Max Out Your Health Savings Account (If Eligible)

Healthcare costs can loom large in retirement, so saving ahead is always a good idea. Health Savings Accounts (HSAs) offer a tax-advantaged way to save for medical expenses, but can also be used for retirement income as well.

“An often-overlooked way to increase your retirement savings in a tax-smart way is to maximize your Health Savings Account,” Edmisten said. “Health Savings Accounts are available only to those who choose high-deductible health insurance plans (HDHPs). If you participate in an HDHP and you have access to an HSA, this can be a powerful vehicle for building tax-advantaged savings for retirement.”

The great thing about these accounts is that your contributions can be invested and those investments grow tax-free. And if you withdraw funds for qualifying medical expenses, those withdrawals are also tax-free.
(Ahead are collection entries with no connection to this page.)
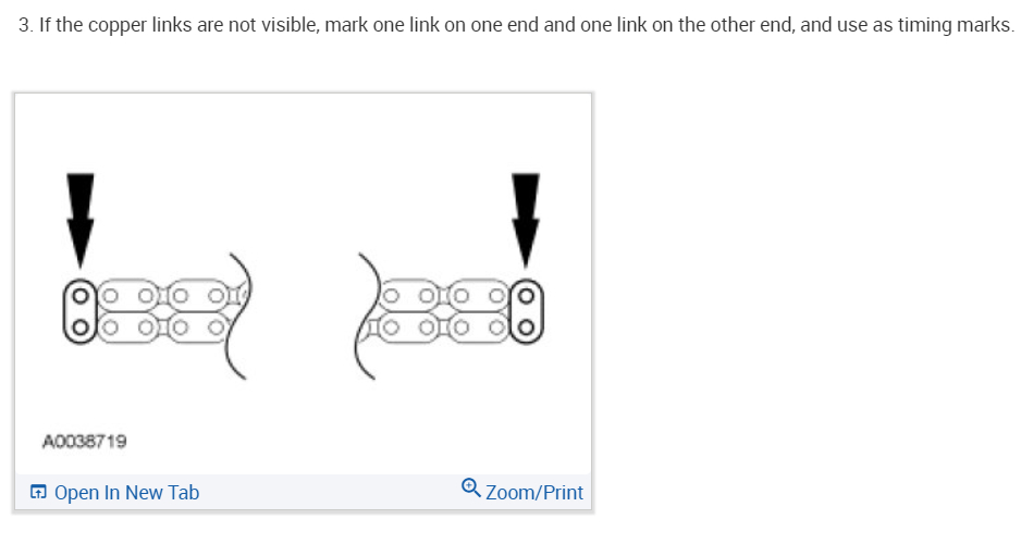 If the copper links are not visible, mark two links on one end and one link on the other end, and use as timing marks.
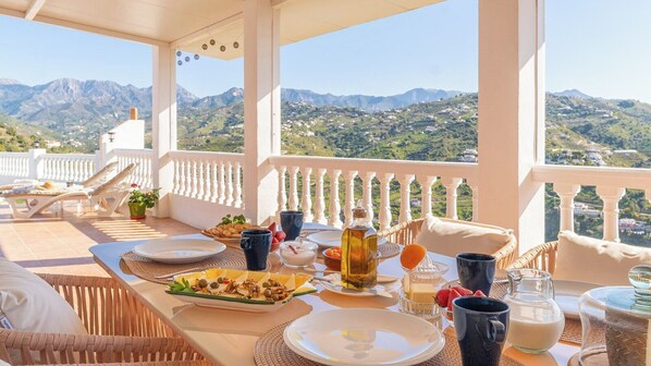 Poolen er iskold Der er desværre dårlig kommunikation med Lucia som skal vise huset frem- hun taler udelukkende spansk - så man har ikke mulighed for nogle spørgsmål overhovedet.Man skal være opmærksom på at der bliver afregnet ekstra for strøm, det står ikke beskrevet nogen steder.Huset fremstår meget sparsomt indrettet, der mangler bestemt sjæl.Huset er til 4 personer, der er kun 2 liggestole ved poolen.På tagterrassen med den skøn udsigt, er der ingen møbler, den er simpelthen tom.På afrejsedagen , fik vi en besked om at de ville komme 1,5 time før aflevering af huset for at de kunne nå at gøre rent til næste lejer .Det er desværre ikke gode anbefalinger her fra os .Beliggenhed er skøn.
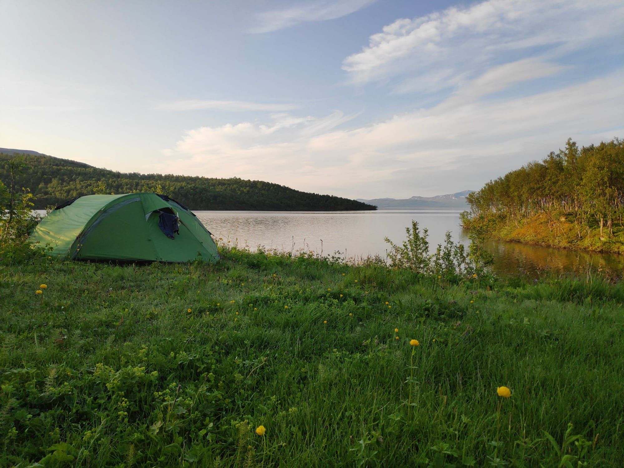 Das Wasser des Sees liegt spiegelglatt da, während ich barfuß auf dem Kieselstrand stehe und kurz habe ich Scheu, diese makellose Oberfläche zu stören. Ich stelle fest, dass Heiko nicht untertrieben hat, das Wasser ist eisig. Wie ich später lese, ist der Torneträsk häufig bis weit in den Juni hinein zugefroren. Kein Wunder, dass die Temperaturen da nicht zum Schwimmen einladen. Nach der Wäsche kommt der warme Schlafsack kurzzeitig noch einmal sehr gelegen.
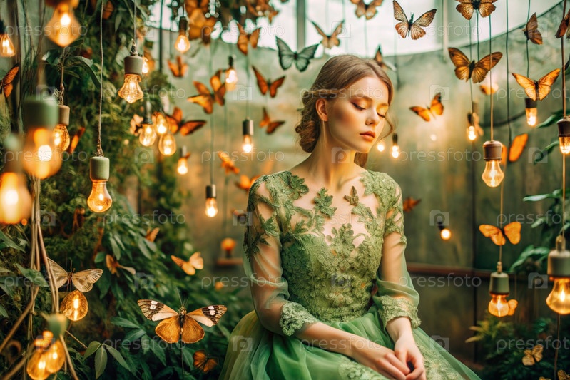 Портрет красивой девушки в зеленом платье среди многих подвешенных лампочек и бабочек, размахивающих вокруг нее

This triple tax advantage is why HSAs are a coveted account for retirement growth.

“Individuals can contribute up to $4,150 to an HSA for 2024 and up to $8,300 for a family plan,” Edmisten said. “If you’re 55 or older, you can make an extra ‘catch-up’ contribution of $1,000 per year and a spouse who is 55 or older can do the same if each of you [have] your own HSA account. You can also contribute to an HSA account regardless of your income.”

These catch-up contributions are a big deal for boomers, adding more funds into a tax-advantaged account that can be used in retirement. And while HSAs are designed to be used for healthcare expenses, after age 65, you can use the funds for anything and simply be taxed at your regular income tax rate.

“Keep in mind that withdrawals taken from an HSA for other expenses are subject to income tax and a 20% penalty if taken prior to age 65,” Edmisten said. “It’s important to plan carefully and follow the rules to get the most benefit from your HSA account.”

Add More to Your Bank and Brokerage Accounts

Once you’ve maxed out your tax-advantaged accounts, you can save and invest additional funds in a regular brokerage account. You can also stash cash in a high-yield savings account or money market to help pay for expenses once you finally quit your job.

“There’s no limit on how much you can contribute to a bank savings or taxable brokerage account (albeit no tax deductions, either), so if you have more money available to save, consider adding to these accounts,” Edmisten said. “Having 12 to 18 months of spending already in cash is a fantastic way to be ready to retire, as stock market changes won’t change your spending plans for your first year of retirement. Adding funds to your taxable investment accounts gives you more money to grow for your future.”